Sein Atelier befindet sich just am Fuße jener Steinbrüche welche bereits Michelangelo benutzte. Ein magischer Ort, eingebettet in eine äußerst plakative Landschaft. Hier hat er auch sein Amphitheater aus Marmor erschaffen in dem er Konzerte, Performances und andere künstlerische Vorstellungen organisiert. In seinem Freiluft-Atelier hält er mit ungebrochenem Erfolg Bildhauerkurse mit Teilnehmern aus aller Welt.

Alnassar ist ein eklektischer Künstler, er arbeitet in Holz, Bronze und natürlich in Marmor. Seine Werke reflektieren die Erfahrungen seiner Zuwanderung von Syrien nach Europa, welche eine Unmenge an Geschichten und Bildern mit sich bringen. Wiederkehrendes Thema ist jenes der Begegnung: zwischen Personen, Gesellschaft und unterschiedlicher Kulturen.

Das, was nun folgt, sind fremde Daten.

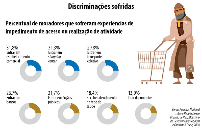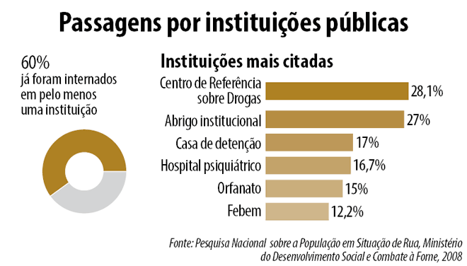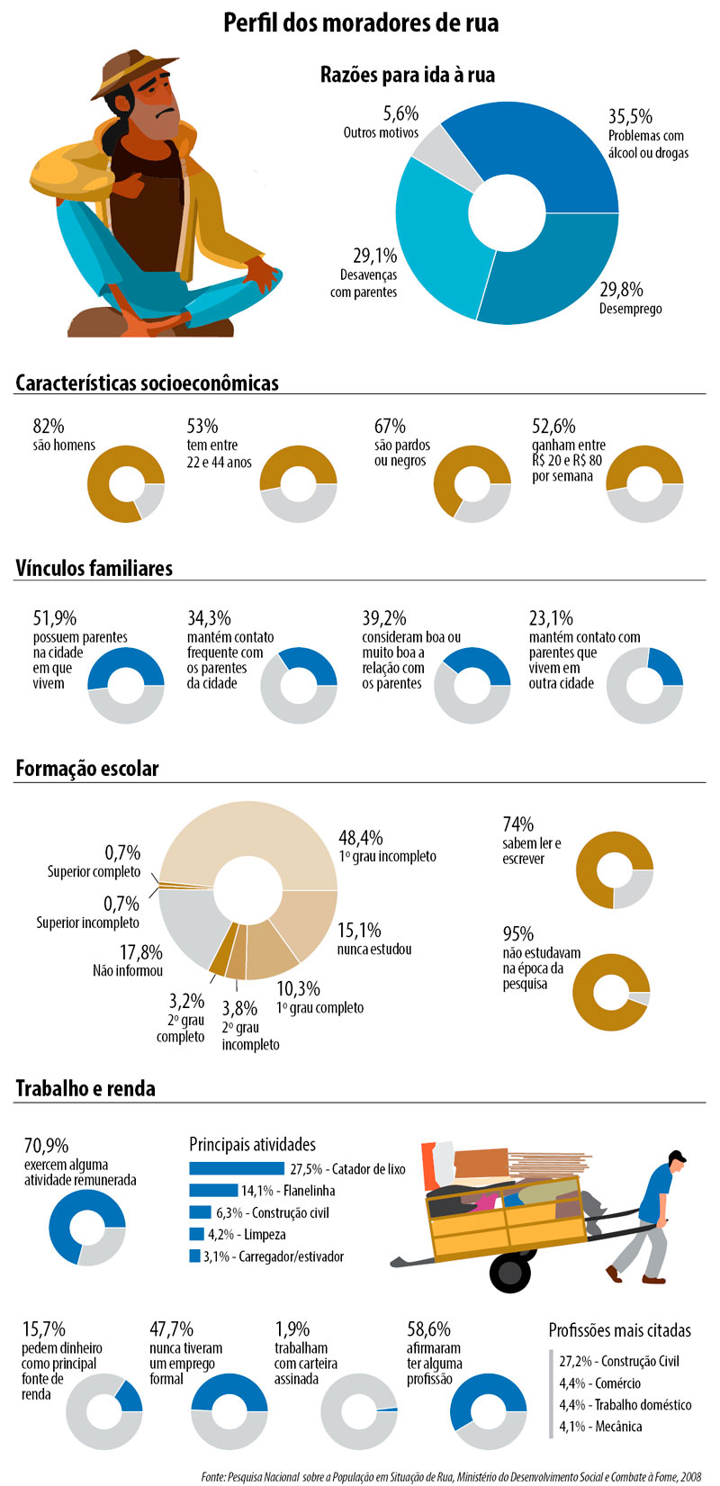 Constatou-se, entre outros aspectos, que 69,6% deles dormem na rua, 22,1% em albergues e 8,3% alternam entre a rua e os albergues.

Die Kunst und die Liebe sind die Mittel um Barrieren zwischen Individuen zu überwinden, die physischen, jene aufgrund geografischer Entfernung sowie die kulturellen und sozialen Barrieren die den Dialog und das Verhältnis mit anderen und „dem Anderen“ behindern. Die künstlerische Suche Alnassar’s fokussiert sich auf das Überwinden dieser Barrieren und auf das Bestreben, dass „Verschiedenheit die Begegnung nicht negiert“.In der Serie „Amore e Gravità”, Liebe und Schwerkraft (aber auch Würde)zeigt er diese Begegnung, verkörpert durch eine Frau und einen Mann, denen es trotz entgegengesetzter Schwerkraft und Richtung gelingt sich zu begegnen.